On November 7, 2022, the Cardinals selected Gomez's contract to the 40-man roster, protecting him from the Rule 5 draft. Gómez was optioned to Triple–A Memphis to begin the 2023 season and spent the whole season with the team. Over 131 games, he batted .232 with 30 home runs and 79 RBI. Gómez was designated for assignment on January 29, 2024 and sent outright to Triple-A Memphis on February 3. In 41 games for Memphis, he batted .208/.284/.299 with three home runs and 11 RBI. Gómez was released by the Cardinals organization on July 29.
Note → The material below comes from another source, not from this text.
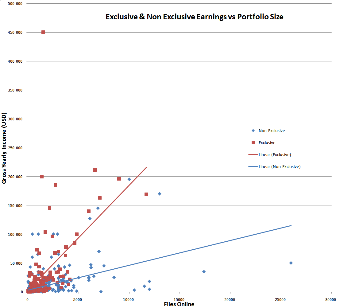 Ого! Проще сказать, я поражен. Я ожидал, что не-эксклюзивные авторы на фотобанке зарабатывают больше эксклюзивных, но график-то показывает совершенно противоположную ситуацию.

===Kansas City Monarchs===
On August 17, 2024, Gómez signed with the Kansas City Monarchs of the American Association of Professional Baseball. In 16 games for the Monarchs, he batted .283/.303/.533 with four home runs, 14 RBI, and one stolen base.

===San Diego Padres===
On December 13, 2024, Gómez signed a minor league contract with the San Diego Padres. He spent the 2025 season with the Double-A San Antonio Missions, also playing in one game for the Triple-A El Paso Chihuahuas; in 110 appearances for San Antonio, he batted .231/.304/.363 with seven home runs, 46 RBI, and nine stolen bases. Gómez elected free agency following the season on November 6, 2025.

===Pericos de Puebla===
On December 8, 2025, Gómez signed with the Pericos de Puebla of the Mexican League. In 52 appearances for the Pericos, he batted .222/.282/.526 with 15 home runs and 39 RBI. On July 14, 2026, Gómez was released by Puebla.

===Leones de Yucatán===
On July 17, 2026, Gómez signed with the Leones de Yucatán of the Mexican League.